最終更新: 2026-04-21
日本三大魚醤の一つ「しょっつる」の産地・秋田県では、一般家庭でも魚醤を仕込む文化が今なお残っています。魚醤は魚と塩さえあれば作れる、世界最古級の発酵調味料です。「自分で作ってみたいけれど、手順がわからない」「どんな魚を使えばいいの?」と感じている方も多いのではないでしょうか。この記事では、自家製魚醤の作り方を材料選びから熟成・ろ過まで順を追って解説します。まず魚醤の基本知識を押さえ、次に具体的な手順とコツ、そして魚種ごとの仕上がりの違いをお伝えします。
魚醤の作り方:始める前に知っておくこと
魚醤(ぎょしょう)とは、魚介類を塩漬けにして長期間発酵させ、滲み出た液体をろ過した調味料です。魚のタンパク質が微生物や自己消化酵素の働きでアミノ酸に分解されることで、濃厚なうま味が生まれます。
日本では秋田県の「しょっつる」、石川県能登半島の「いしる(いしり)」、香川県の「いかなご醤油」が日本三大魚醤として知られています。海外ではタイの「ナンプラー」、ベトナムの「ニョクマム(ヌクマム)」が有名です。魚醤の歴史は古く、古代ローマの「ガルム」にまで遡ります。
自家製魚醤を始める前に、全体像を把握しておきましょう。
| 項目 | 目安 |
|---|---|
| 所要時間 | 仕込み作業は約1時間、熟成期間は6か月〜1年 |
| 費用 | 1,000〜2,000円程度(魚500g+塩+容器) |
| 難易度 | ★☆☆(初心者でも挑戦しやすい) |
| 必要なもの | 魚(内臓ごと使えるもの)、塩、ガラス瓶またはホーロー容器、ガーゼ |
仕込み作業そのものは非常にシンプルです。ただし熟成に半年以上かかるため、長期間待てる環境を用意してください。
魚醤の作り方【ステップ解説】
ここからは、最も基本的な「魚+塩」方式の手順を紹介します。
Step 1:材料と道具を準備する
まず以下の材料を揃えてください。
| 材料・道具 | 分量・仕様 | ポイント |
|---|---|---|
| 魚 | 500g | カタクチイワシ、アジ、サバなど青魚がおすすめ。内臓ごと使う |
| 塩 | 150〜200g(魚の重量の30〜40%) | 粗塩や岩塩などミネラル豊富なものが望ましい |
| 保存容器 | 1〜2リットル | ガラス瓶やホーロー容器。金属製は腐食するため避ける |
| ガーゼ・さらし | 1枚 | 蓋の代わりに通気を確保しつつ虫の侵入を防ぐ |
| 重し | 適量 | 小皿や水を入れたビニール袋で代用可能 |
魚は鮮度の良いものを選んでください。鮮度が落ちた魚を使うと、発酵ではなく腐敗が進み、仕上がりに嫌な臭いが残る原因になります。魚を選ぶ際は、目が澄んでいてエラが鮮やかな赤色のものを選びましょう。詳しい見分け方は魚の鮮度の見分け方ガイドで解説しています。
Step 2:魚の下処理をする
魚を流水でよく洗い、ウロコを取り除きます。頭と内臓は「取る方法」と「そのまま使う方法」の2パターンがあります。

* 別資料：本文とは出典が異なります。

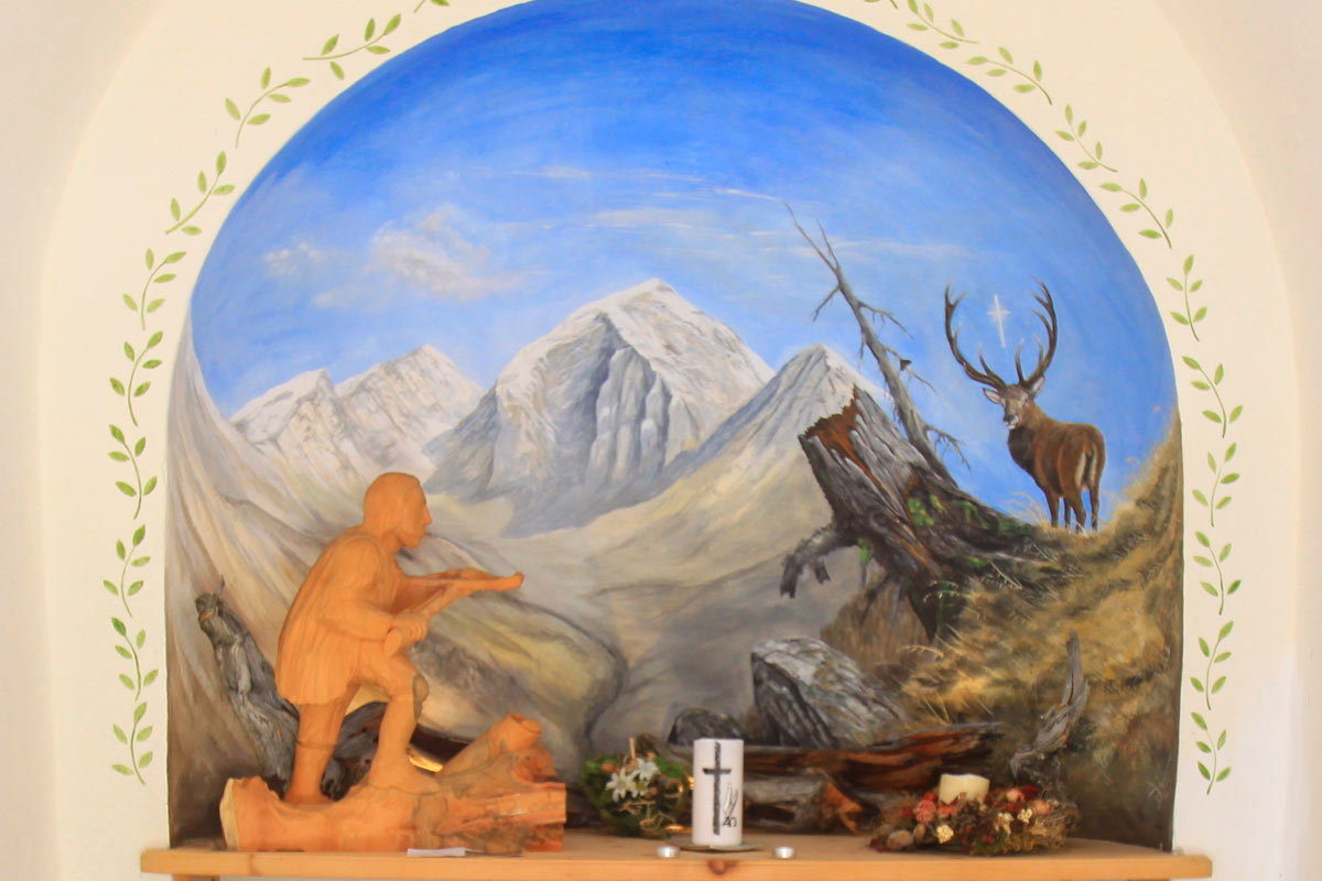Leider konnten wir nicht herausfinden, nach welchem Schutzpatron die damalige Kapelle benannt war. Somit beschlossen wir uns gemeinsam, die neu errichtete, dem Hl. Hubertus zu widmen.

内臓には消化酵素が豊富に含まれているため、内臓ごと仕込むと発酵が早く進み、うま味も強くなります。ただし、内臓を入れると仕上がりの色が濃く、香りもやや強くなる傾向があります。初めて挑戦する方は、臭いが気になりにくい「頭と内臓を除去する方法」からスタートするのがおすすめです。
魚が大きい場合は3〜4cm幅にぶつ切りにしてください。小魚(カタクチイワシなど10cm以下)はそのまま使えます。
Step 3:塩と魚を混ぜて容器に詰める
ボウルに魚と塩を入れ、全体にまんべんなく塩が行き渡るようにしっかり混ぜます。塩の量は魚の重量の30〜40%が目安です。塩が少なすぎると腐敗のリスクが高まるため、初心者は40%(魚500gなら塩200g)でスタートすると安心です。

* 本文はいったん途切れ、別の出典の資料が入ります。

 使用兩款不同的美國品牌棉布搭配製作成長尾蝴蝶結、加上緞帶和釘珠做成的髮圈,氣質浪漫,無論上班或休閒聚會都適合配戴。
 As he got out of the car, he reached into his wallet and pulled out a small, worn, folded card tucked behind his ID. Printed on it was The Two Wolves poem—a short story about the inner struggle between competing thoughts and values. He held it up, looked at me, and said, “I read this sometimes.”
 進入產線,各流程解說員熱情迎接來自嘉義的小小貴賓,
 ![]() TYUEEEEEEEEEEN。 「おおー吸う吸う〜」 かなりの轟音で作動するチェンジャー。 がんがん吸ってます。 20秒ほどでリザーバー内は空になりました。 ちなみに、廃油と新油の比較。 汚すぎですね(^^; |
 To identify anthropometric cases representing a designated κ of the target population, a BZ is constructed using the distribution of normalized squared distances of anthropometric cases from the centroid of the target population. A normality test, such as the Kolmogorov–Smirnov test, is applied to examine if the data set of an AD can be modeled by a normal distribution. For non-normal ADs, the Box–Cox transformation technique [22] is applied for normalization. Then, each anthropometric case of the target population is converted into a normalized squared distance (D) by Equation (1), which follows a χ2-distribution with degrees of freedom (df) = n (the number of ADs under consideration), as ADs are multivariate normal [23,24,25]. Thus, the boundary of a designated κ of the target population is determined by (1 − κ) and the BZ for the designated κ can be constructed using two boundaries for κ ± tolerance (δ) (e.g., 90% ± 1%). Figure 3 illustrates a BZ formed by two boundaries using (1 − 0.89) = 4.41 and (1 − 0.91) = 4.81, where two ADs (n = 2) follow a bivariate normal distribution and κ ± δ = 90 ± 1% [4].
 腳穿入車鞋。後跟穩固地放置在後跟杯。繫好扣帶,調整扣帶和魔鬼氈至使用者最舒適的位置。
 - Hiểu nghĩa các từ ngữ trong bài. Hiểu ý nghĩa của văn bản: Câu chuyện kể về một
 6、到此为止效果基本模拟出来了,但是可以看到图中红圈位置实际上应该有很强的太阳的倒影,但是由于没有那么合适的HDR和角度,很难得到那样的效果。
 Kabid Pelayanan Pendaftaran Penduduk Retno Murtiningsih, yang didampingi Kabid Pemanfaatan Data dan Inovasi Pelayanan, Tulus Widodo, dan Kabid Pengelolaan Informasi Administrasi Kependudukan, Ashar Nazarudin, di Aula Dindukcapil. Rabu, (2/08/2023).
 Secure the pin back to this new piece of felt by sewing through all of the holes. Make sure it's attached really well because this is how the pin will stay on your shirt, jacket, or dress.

容器の底に塩を薄く敷き、魚を隙間なく詰めていきます。層ごとに塩を振りながら詰めるのがコツです。最後に上から残りの塩をかぶせ、重しを載せます。
Step 4:蓋をして熟成させる
容器の口にガーゼをかぶせ、輪ゴムで留めます。密閉せず通気を確保することが大切です。ただし、虫やホコリが入らないように必ずガーゼで覆ってください。
保管場所は直射日光が当たらない冷暗所が基本です。室温15〜25℃の環境が理想的で、夏場の高温多湿な場所は避けてください。
熟成中は2週間に1回程度、清潔なスプーンで全体をかき混ぜます。これにより発酵ムラを防ぎ、表面にカビが発生するのを抑えられます。仕込みから1か月ほどで魚の身が崩れ始め、液体が染み出してきます。
Step 5:ろ過して完成
6か月〜1年の熟成を経て、魚の身がほぼ溶けて琥珀色の液体が十分に出たら、ろ過の工程に移ります。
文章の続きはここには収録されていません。